Similarly, we didn’t complain that a typewriter couldn’t put pepperoni slices onto a pizza.

SchmidtGenetics@lemmy.world · 3 months ago

Source?

bridgeenjoyer@sh.itjust.works · 3 months ago

Is this just because gibbity couldn’t recognize the chess pieces? I’d love to believe this is true otherwise, love my 2600 haha.

Stillwater@sh.itjust.works · edit-2 3 months ago

At first it blamed its poor performance on the icons used, but then they switched to chess notation and it still failed hard

bridgeenjoyer@sh.itjust.works · 3 months ago

That is baffling

pinball_wizard@lemmy.zip · 3 months ago

That’s on them for taking on the Atari 2600, where “the games don’t get older, they get better!”

QueenHawlSera@sh.itjust.works · 3 months ago

True AI does not and will not exist

JeeBaiChow@lemmy.world · 3 months ago

If llms are statistics based, wouldn’t there be many many more losing games than perfectly winning ones? It’s like Dr strange saying ‘this is the only way’.

Railcar8095@lemm.ee · 3 months ago

It’s not even that. It’s not a chess AI or a AGI (which doesn’t exist). It will speak and pretend to play, but has no memory of the exact position of the pieces nor the capability to plan several steps ahead. For ask intended and porpoises, it’s like asking my toddler what’s the time (she always says something that sounds like a time, but doesn’t understand the concept of hours or what the time is)

The fact that somebody posted this on LinkedIn and not only wasn’t shamed out of his job but there are several articles about it is truly infuriating.

Optional@lemmy.world · 3 months ago

clop - clop - clop - clop - clop - clop

. . .

*bloop*

. . .

[screen goes black for 20 minutes]

. . .

Hmmmmm.

clop - clop - clop - clop - clop - clop - clop - clop - clop - clop

*bloop*

OsrsNeedsF2P@lemmy.ml · 3 months ago

Hey I don’t mean to ruin your day, but maybe you should Google what you just commented…

Optional@lemmy.world · 3 months ago

There is 100% no chance google knows what that is

Optional@lemmy.world · 3 months ago

Little disappointed more people didn’t get this.

OsrsNeedsF2P@lemmy.ml · 3 months ago

What happens if you ask ChatGPT to code you a chess AI though?

4am@lemm.ee · 3 months ago

It doesn’t work without 200 hours of un-fucking

pedz@lemmy.ca · 3 months ago

It probably consumes as much energy as a family house for a day just to come up with that program.
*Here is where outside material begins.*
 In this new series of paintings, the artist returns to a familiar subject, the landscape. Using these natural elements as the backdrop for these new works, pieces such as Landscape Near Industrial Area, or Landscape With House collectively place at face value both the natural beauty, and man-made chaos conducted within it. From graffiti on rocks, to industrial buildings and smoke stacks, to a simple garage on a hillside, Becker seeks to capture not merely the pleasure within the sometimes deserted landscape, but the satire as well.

That’s what happens.

In fact, I did a Google search and didn’t have any choice but to have an “AI” answer, even if I don’t want it. Here’s what it says:

Each ChatGPT query is estimated to use around 10 times more electricity than a traditional Google search, with a single query consuming approximately 3 watt-hours, compared to 0.3 watt-hours for a Google search. This translates to a daily energy consumption of over half a million kilowatts, equivalent to the power used by 180,000 US households.
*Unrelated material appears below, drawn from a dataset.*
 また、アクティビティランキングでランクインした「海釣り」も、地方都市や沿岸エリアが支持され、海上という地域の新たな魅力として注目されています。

redsunrise@programming.dev · 3 months ago

in other words, a hammer “got absolutely wrecked” by a handsaw in a board-halving competition

Redkey@programming.dev · 3 months ago

When all you have (or you try to convince others that all they need) is a hammer, everything looks like a nail. I guess this shows that it isn’t.

JeeBaiChow@lemmy.world · 3 months ago

Clearly you didn’t swing the hammer hard enough

Optional@lemmy.world · 3 months ago

One of those Fisher-Price plastic hammers with the hole in the handle?